- Born: November 13, 1955 (age 70) Detroit, Michigan, U.S.
- Occupations: News anchor, journalist
- Employers: CBS News; KCBS-TV/KCAL-TV, Los Angeles;
- Known for: CBS LA at 5, 6 & 11 PM CBS LA at 9 PM on KCAL 9
- Awards: LA Area Governor's Award, ATAS, Emmy L.A. Press Club, RTNA Lifetime Achievement Award, AWRT Genii Award, NABJ Hall of Fame

= Pat Harvey =

American Journalist

Pat Harvey (born November 13, 1955) is an American broadcast journalist. She joined KCAL 9 in Los Angeles in 1989, and in 2010 began co-anchoring for KCAL sister station KCBS news at 5, 6 & 11 PM. She is the longest-running anchor in prime time at one station in Los Angeles. For her 20th anniversary, the city of Los Angeles and Los Angeles County Board of Supervisors declared October 30, 2009, Pat Harvey Day. In June 2015 Harvey received the LA Area Emmy's Governor's Award. In 2012, Harvey was inducted into the National Association of Black Journalists Hall of Fame at the Newseum in Washington, D.C.

==Education==
Harvey attended Cass Technical High School in Detroit, Michigan and the University of Detroit Mercy.

==Early career==
She also is an original CNN Headline News anchor, joining the start-up network in 1982. She later anchored CNN's morning news program until 1985, interviewing Ferdinand Marcos following the historic democratic elections in the Philippines.

The Detroit native's first news job was in Saginaw, Michigan at then-NBC affiliate, WNEM-TV.

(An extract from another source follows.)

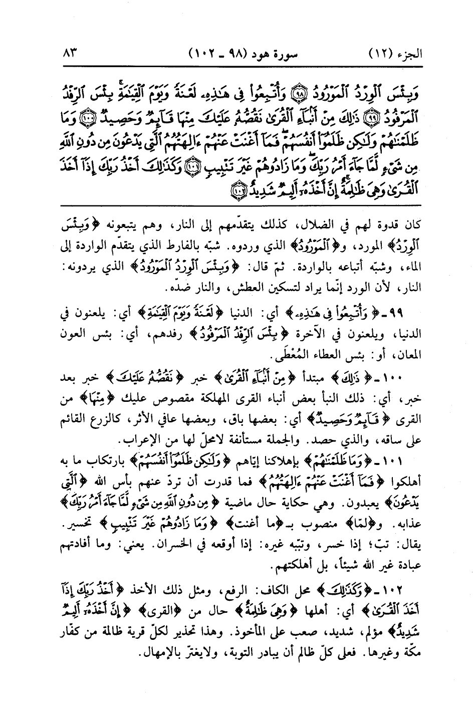 وَكَذَلِكَ أَخْذُ رَبِّكَ إِذَا أَخَذَ الْقُرَى وَهِيَ ظَالِمَةٌ إِنَّ أَخْذَهُ أَلِيمٌ شَدِيدٌ (102)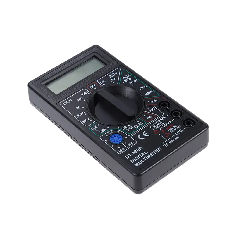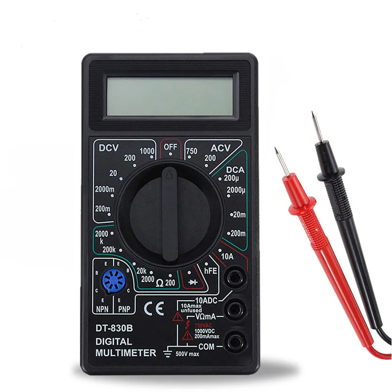 Особенности: 1,3 1/2 знака после запятой, 7-сегментный, 0,5 "Высокая ЖК-дисплей Дисплей. 2. Максимальный Дисплей: 1999, автоматический Полярный дисплей. 3. Маленький и компактный дизайн. 4. Защита от перегрузки на всех диапазонах. 5. Отбор проб 2-3 раза в секунду. 6. Тест на сборку диодов/температурный тест/Транзистор HFE Тест. Спецификация: 1. Модель: DT-830B 2. Диапазон измерения: 3. Максимальный ток переменного тока: 10A 4. Максимальный диапазон напряжения переменного тока: 1000 в 5. Максимальный диапазон напряжения постоянного тока: 750 В 6. Измерение сопротивления: Диапазон 200 Ohm-2000K Ом 8. Источник питания: аккумулятор 9 В (здесь не входит) 9. Цвет: черный/желтый 10. Размер: прибл. 123x67x20 мм/4,84x2,63x0,78 ''(Д * Ш * В) 11. Степень и точность шкалы: 12. Напряжение постоянного тока: 200 мВ 100 УФ ±(0.5% + 2) 2000мв 1МВ 20v 10mv 200 в 100 мВ 1000 в 1 В ±(0.8% + 2) 13. Напряжение переменного тока: 200 в 100 мВ ±(1.2% + 10) 750 В 1 в 14. Постоянный ток: 2000ua 1ua ±(1% + 2) 20ma 10ua 200мА 100ua ±(1.2% + 2) 10А 10мА ±(2% + 2) 15. Сопротивление: 200Ω0.1Ω ±(0.8% + 2) 2000Ω1 20kΩ10 200kΩ100 2000k10001000Ω ±(1% + 2)

Harvey worked in Chicago at WGN Superstation before coming to Los Angeles. Her investigative reports on faulty pap smear tests, which led to thousands of deaths among women, resulted in legislation regulating cytology labs in Illinois and the closure of one in Southern California. She was also awarded the Peter Lisagor award from the Chicago Headline Club. While working for WGN, she also broke a national story from the Democratic National Convention in Atlanta in 1988, revealing a change in leadership in the Democratic National Committee.

==Career==

Prior to Harvey's arrival in Los Angeles, the market had only had two Black weeknight news anchors, Ken Jones in the early to mid-1970s and Felicia Jeter from 1980 to 1981. Because of her stellar work, Harvey became a pioneer. She laid the groundwork for lead weekday/night anchors in Los Angeles such as Marc Brown, Christine Devine, and Michaela Pereira.

In addition to her anchoring duties, Harvey has traveled extensively for KCAL News and its sister station CBS Los Angeles, covering stories from the Papal Conclave in Rome, the first all-race elections in South Africa, the AIDS epidemic in East Africa and Russia and the civil war in El Salvador. During the O.J. Simpson trial, Harvey was the first journalist to interview dismissed juror Jeanette Harris. The report was carried on television stations throughout the country and was seen worldwide.

Because of her popularity and community service, Harvey was asked to carry the Olympic torch through downtown Los Angeles in 2002 and received two honorary doctorate degrees in the humanities.

She has won 25 local Emmy awards, a national Emmy and received the Joseph M. Quinn Lifetime Achievement Award from the L.A. Press Club in 2004. Named "Best News Anchor" by the Associated Press. In 2008, Harvey received the Genii award from the Los Angeles chapter of American Women in Radio and Television and has been recognized by the National Association of Black Journalists.

In 2006, Harvey and four other TV anchorwomen formed the Good News Foundation. The group built a computer lab for homeless children on Skid Row, a park and recreation center in South LA, and a library for homeless women at the Downtown Women's Center, in addition to an annual college scholarship for aspiring female journalists.

On February 21, 2017, Harvey was a guest co-host on the CBS daytime show The Talk. It was her eleventh appearance.